# [The problem]
Please repeat the records exactly, keeping the pictures out.

# [Data shown]

************

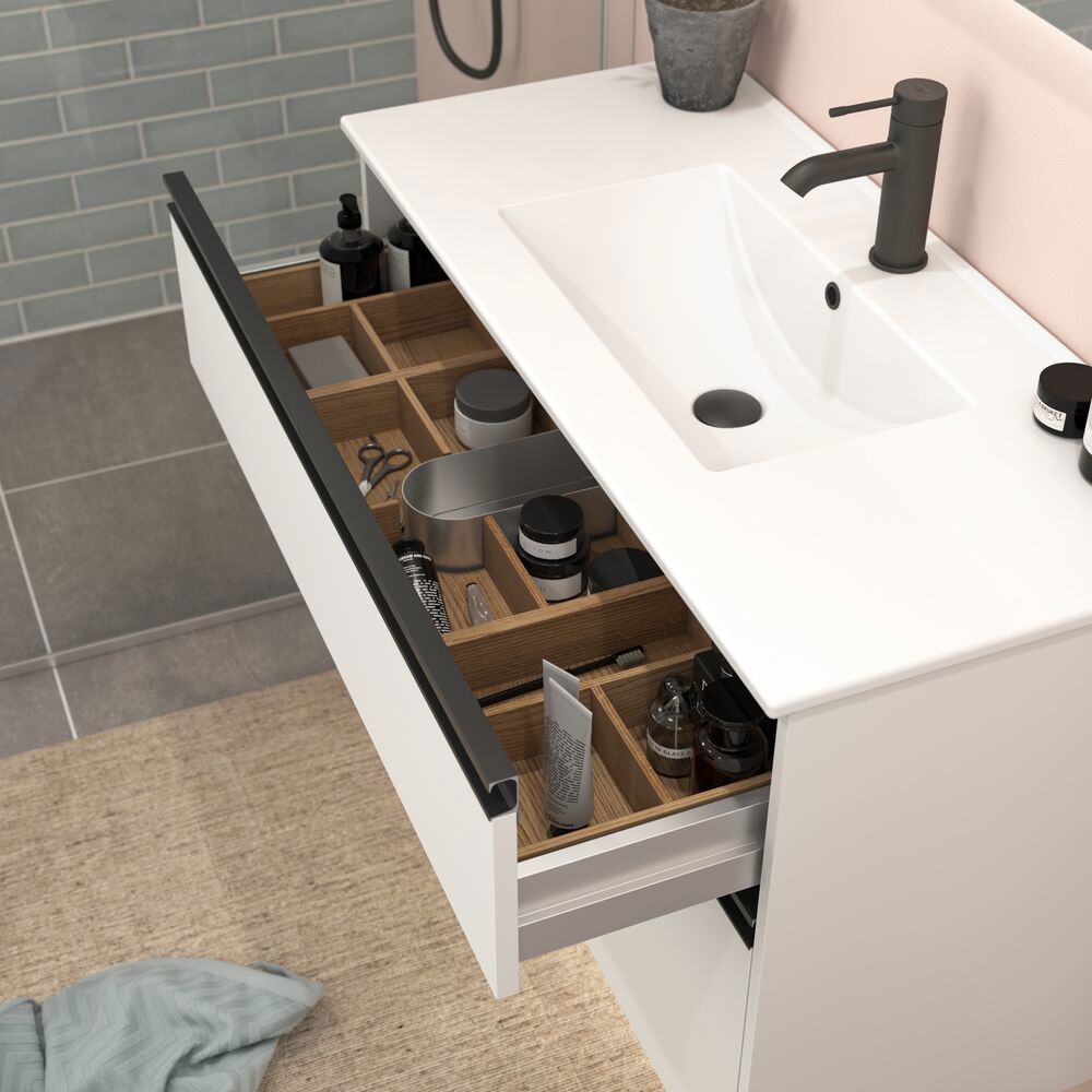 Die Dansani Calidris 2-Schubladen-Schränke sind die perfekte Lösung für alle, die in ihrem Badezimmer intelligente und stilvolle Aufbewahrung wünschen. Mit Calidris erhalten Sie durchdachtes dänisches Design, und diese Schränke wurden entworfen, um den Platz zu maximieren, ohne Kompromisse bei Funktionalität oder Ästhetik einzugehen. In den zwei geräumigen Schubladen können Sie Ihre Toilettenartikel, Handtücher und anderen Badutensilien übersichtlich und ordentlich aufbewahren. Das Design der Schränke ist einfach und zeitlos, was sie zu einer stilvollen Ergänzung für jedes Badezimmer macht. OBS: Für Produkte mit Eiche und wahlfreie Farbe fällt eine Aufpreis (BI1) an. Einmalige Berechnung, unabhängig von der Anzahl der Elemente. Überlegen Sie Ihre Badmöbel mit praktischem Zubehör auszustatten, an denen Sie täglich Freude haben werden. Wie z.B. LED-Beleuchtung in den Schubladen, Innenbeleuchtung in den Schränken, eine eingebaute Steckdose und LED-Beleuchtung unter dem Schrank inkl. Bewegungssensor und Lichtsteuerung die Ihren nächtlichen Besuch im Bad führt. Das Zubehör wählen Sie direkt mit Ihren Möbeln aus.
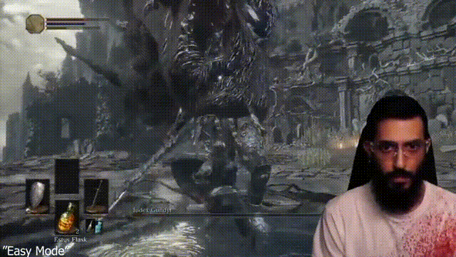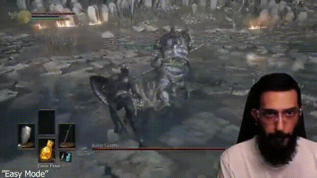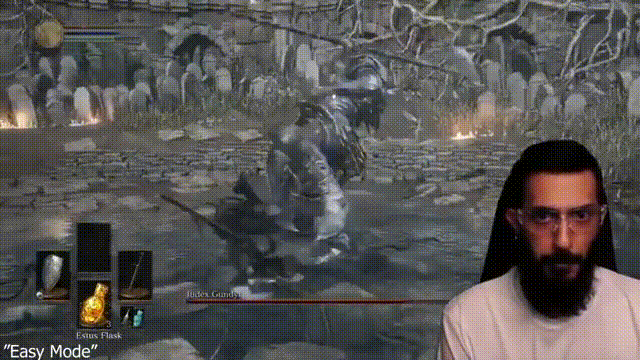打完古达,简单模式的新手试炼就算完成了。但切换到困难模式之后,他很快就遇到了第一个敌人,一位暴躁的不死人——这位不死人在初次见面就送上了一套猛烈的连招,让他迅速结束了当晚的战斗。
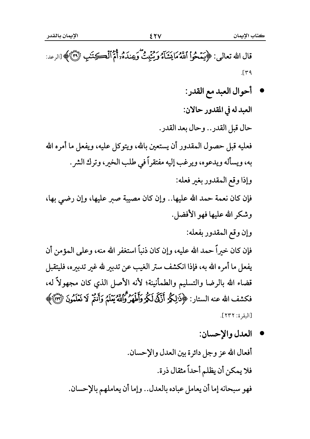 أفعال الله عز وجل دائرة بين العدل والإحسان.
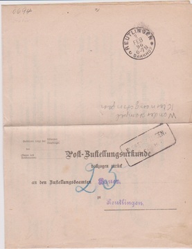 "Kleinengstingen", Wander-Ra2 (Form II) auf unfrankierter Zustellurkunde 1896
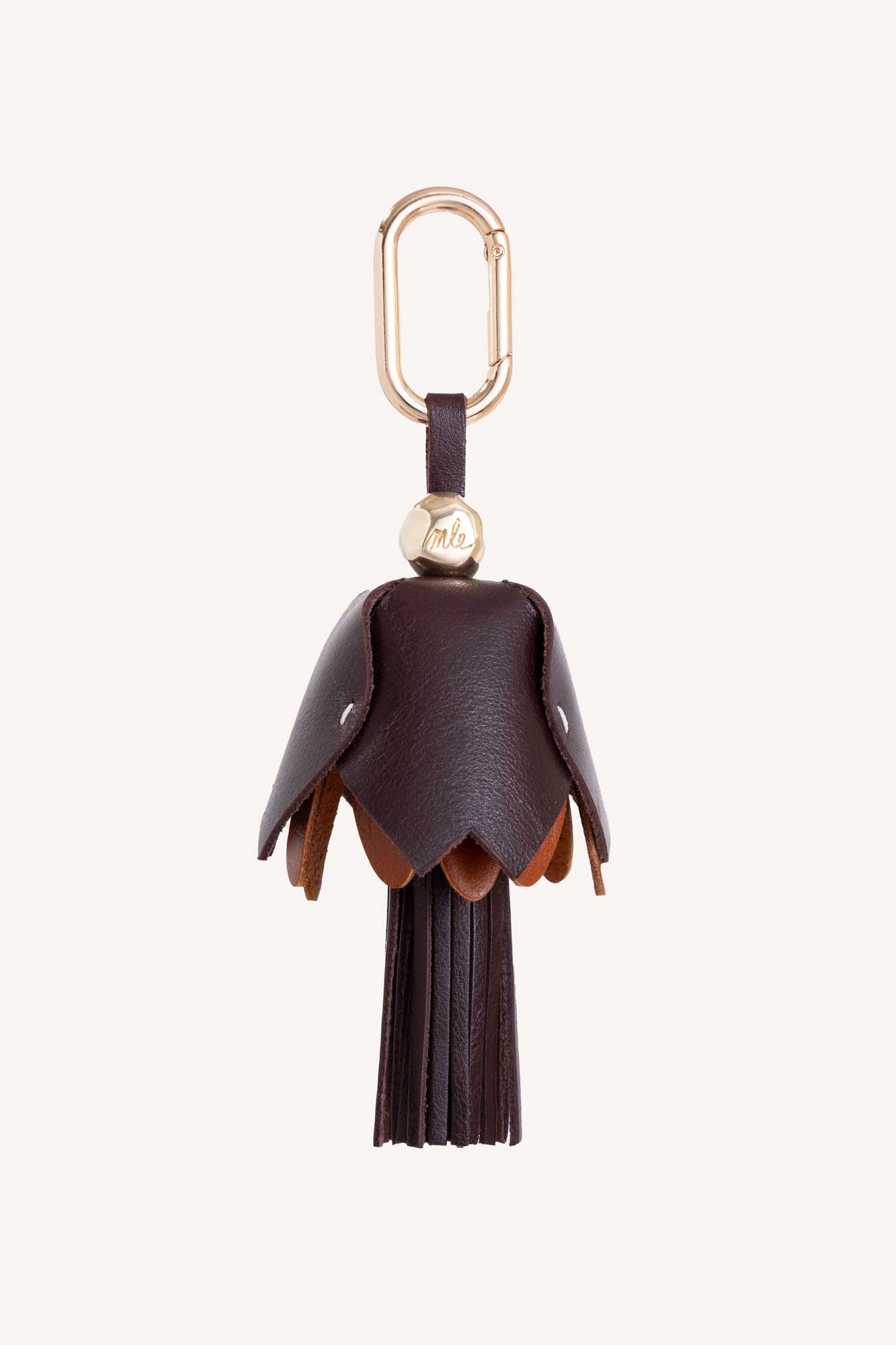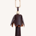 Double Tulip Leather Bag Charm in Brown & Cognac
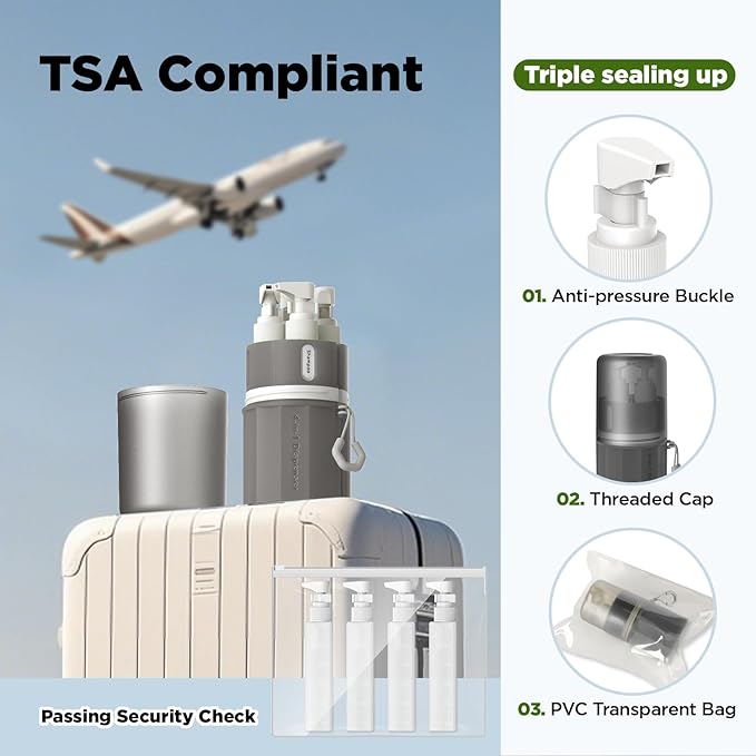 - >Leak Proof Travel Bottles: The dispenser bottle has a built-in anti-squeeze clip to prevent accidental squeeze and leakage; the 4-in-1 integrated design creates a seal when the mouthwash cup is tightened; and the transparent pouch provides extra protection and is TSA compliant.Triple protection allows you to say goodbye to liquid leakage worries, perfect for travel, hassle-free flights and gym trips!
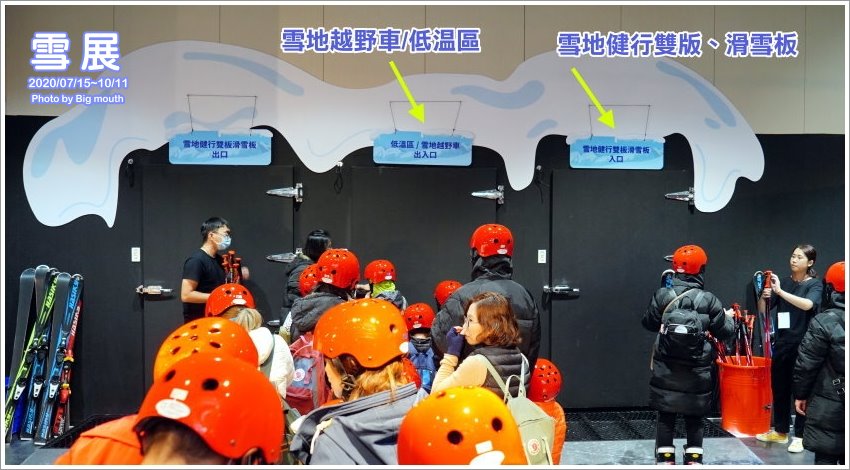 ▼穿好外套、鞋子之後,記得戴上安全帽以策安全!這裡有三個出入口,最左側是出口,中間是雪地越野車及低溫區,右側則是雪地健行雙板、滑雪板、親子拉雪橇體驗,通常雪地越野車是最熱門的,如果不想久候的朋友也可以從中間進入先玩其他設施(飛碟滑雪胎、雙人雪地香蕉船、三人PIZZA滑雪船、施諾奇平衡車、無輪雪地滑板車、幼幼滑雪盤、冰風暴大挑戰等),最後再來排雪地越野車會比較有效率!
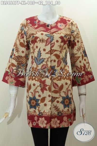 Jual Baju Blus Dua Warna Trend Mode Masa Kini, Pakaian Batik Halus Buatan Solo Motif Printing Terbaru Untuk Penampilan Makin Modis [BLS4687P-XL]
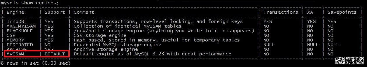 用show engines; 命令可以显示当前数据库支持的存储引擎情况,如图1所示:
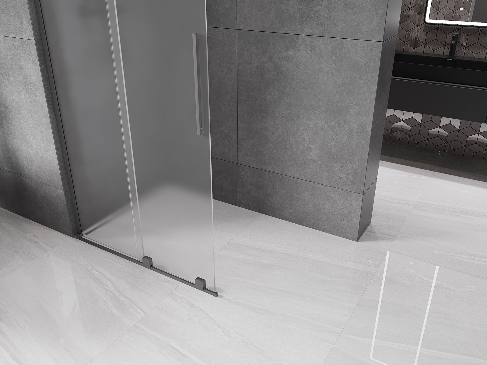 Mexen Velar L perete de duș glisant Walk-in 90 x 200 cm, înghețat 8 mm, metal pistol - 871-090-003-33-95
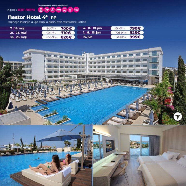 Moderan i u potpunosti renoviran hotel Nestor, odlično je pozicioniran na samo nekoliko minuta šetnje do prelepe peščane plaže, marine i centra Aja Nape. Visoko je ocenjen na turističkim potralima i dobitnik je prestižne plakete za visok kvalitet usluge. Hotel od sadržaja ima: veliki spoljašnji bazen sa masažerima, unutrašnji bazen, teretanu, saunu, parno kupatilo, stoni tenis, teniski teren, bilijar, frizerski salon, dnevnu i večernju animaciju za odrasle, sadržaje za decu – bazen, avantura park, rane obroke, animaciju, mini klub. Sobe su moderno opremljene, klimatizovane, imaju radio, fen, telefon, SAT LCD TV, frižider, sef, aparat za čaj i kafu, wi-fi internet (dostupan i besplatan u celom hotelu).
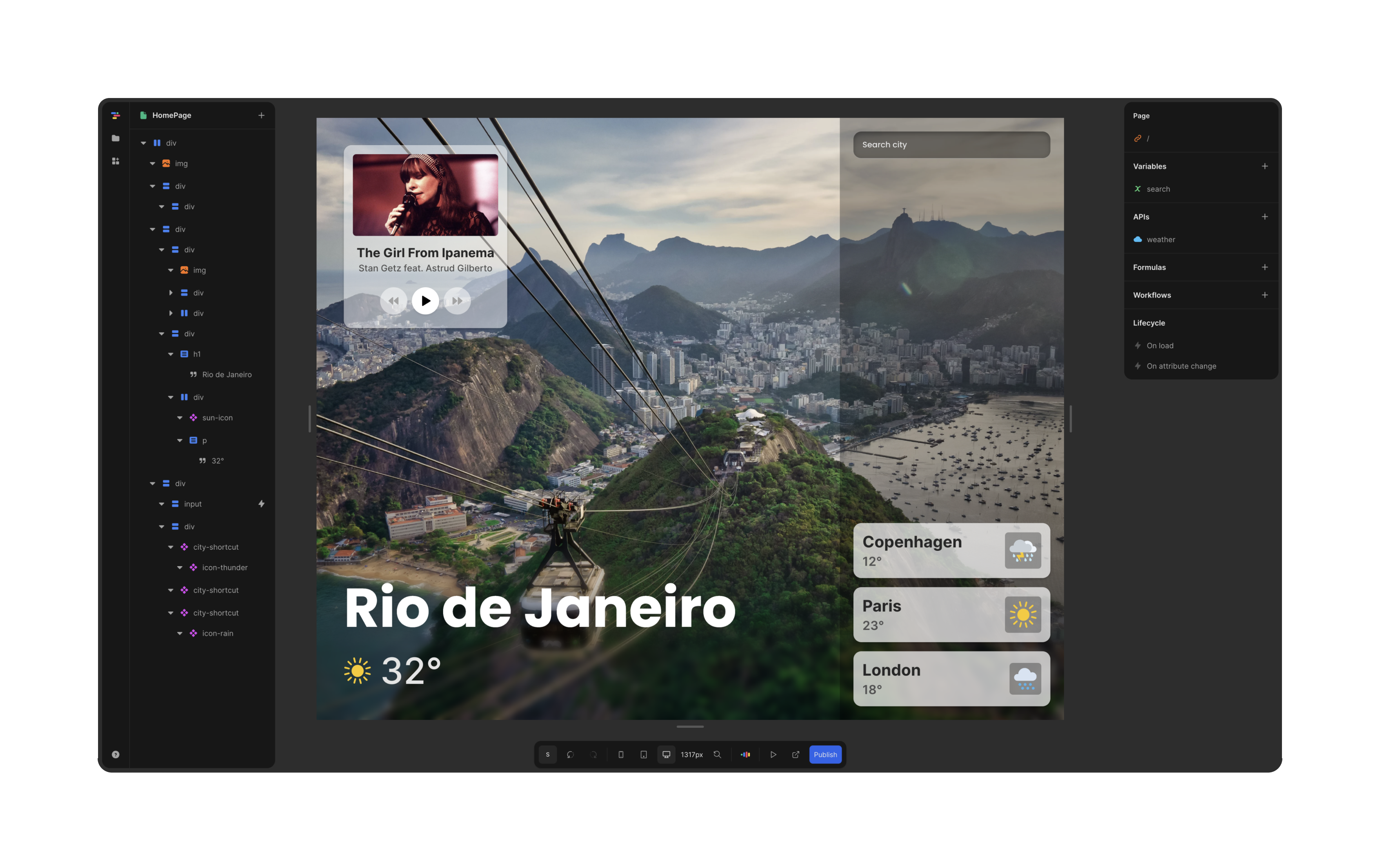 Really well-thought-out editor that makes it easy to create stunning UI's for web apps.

************

# [Reply]
 Die Dansani Calidris 2-Schubladen-Schränke sind die perfekte Lösung für alle, die in ihrem Badezimmer intelligente und stilvolle Aufbewahrung wünschen. Mit Calidris erhalten Sie durchdachtes dänisches Design, und diese Schränke wurden entworfen, um den Platz zu maximieren, ohne Kompromisse bei Funktionalität oder Ästhetik einzugehen. In den zwei geräumigen Schubladen können Sie Ihre Toilettenartikel, Handtücher und anderen Badutensilien übersichtlich und ordentlich aufbewahren. Das Design der Schränke ist einfach und zeitlos, was sie zu einer stilvollen Ergänzung für jedes Badezimmer macht. OBS: Für Produkte mit Eiche und wahlfreie Farbe fällt eine Aufpreis (BI1) an. Einmalige Berechnung, unabhängig von der Anzahl der Elemente. Überlegen Sie Ihre Badmöbel mit praktischem Zubehör auszustatten, an denen Sie täglich Freude haben werden. Wie z.B. LED-Beleuchtung in den Schubladen, Innenbeleuchtung in den Schränken, eine eingebaute Steckdose und LED-Beleuchtung unter dem Schrank inkl. Bewegungssensor und Lichtsteuerung die Ihren nächtlichen Besuch im Bad führt. Das Zubehör wählen Sie direkt mit Ihren Möbeln aus.
打完古达,简单模式的新手试炼就算完成了。但切换到困难模式之后,他很快就遇到了第一个敌人,一位暴躁的不死人——这位不死人在初次见面就送上了一套猛烈的连招,让他迅速结束了当晚的战斗。
 أفعال الله عز وجل دائرة بين العدل والإحسان.
 "Kleinengstingen", Wander-Ra2 (Form II) auf unfrankierter Zustellurkunde 1896
 Double Tulip Leather Bag Charm in Brown & Cognac
 - >Leak Proof Travel Bottles: The dispenser bottle has a built-in anti-squeeze clip to prevent accidental squeeze and leakage; the 4-in-1 integrated design creates a seal when the mouthwash cup is tightened; and the transparent pouch provides extra protection and is TSA compliant.Triple protection allows you to say goodbye to liquid leakage worries, perfect for travel, hassle-free flights and gym trips!
 ▼穿好外套、鞋子之後,記得戴上安全帽以策安全!這裡有三個出入口,最左側是出口,中間是雪地越野車及低溫區,右側則是雪地健行雙板、滑雪板、親子拉雪橇體驗,通常雪地越野車是最熱門的,如果不想久候的朋友也可以從中間進入先玩其他設施(飛碟滑雪胎、雙人雪地香蕉船、三人PIZZA滑雪船、施諾奇平衡車、無輪雪地滑板車、幼幼滑雪盤、冰風暴大挑戰等),最後再來排雪地越野車會比較有效率!
 Jual Baju Blus Dua Warna Trend Mode Masa Kini, Pakaian Batik Halus Buatan Solo Motif Printing Terbaru Untuk Penampilan Makin Modis [BLS4687P-XL]
 用show engines; 命令可以显示当前数据库支持的存储引擎情况,如图1所示:
 Mexen Velar L perete de duș glisant Walk-in 90 x 200 cm, înghețat 8 mm, metal pistol - 871-090-003-33-95
 Moderan i u potpunosti renoviran hotel Nestor, odlično je pozicioniran na samo nekoliko minuta šetnje do prelepe peščane plaže, marine i centra Aja Nape. Visoko je ocenjen na turističkim potralima i dobitnik je prestižne plakete za visok kvalitet usluge. Hotel od sadržaja ima: veliki spoljašnji bazen sa masažerima, unutrašnji bazen, teretanu, saunu, parno kupatilo, stoni tenis, teniski teren, bilijar, frizerski salon, dnevnu i večernju animaciju za odrasle, sadržaje za decu – bazen, avantura park, rane obroke, animaciju, mini klub. Sobe su moderno opremljene, klimatizovane, imaju radio, fen, telefon, SAT LCD TV, frižider, sef, aparat za čaj i kafu, wi-fi internet (dostupan i besplatan u celom hotelu).
 Really well-thought-out editor that makes it easy to create stunning UI's for web apps.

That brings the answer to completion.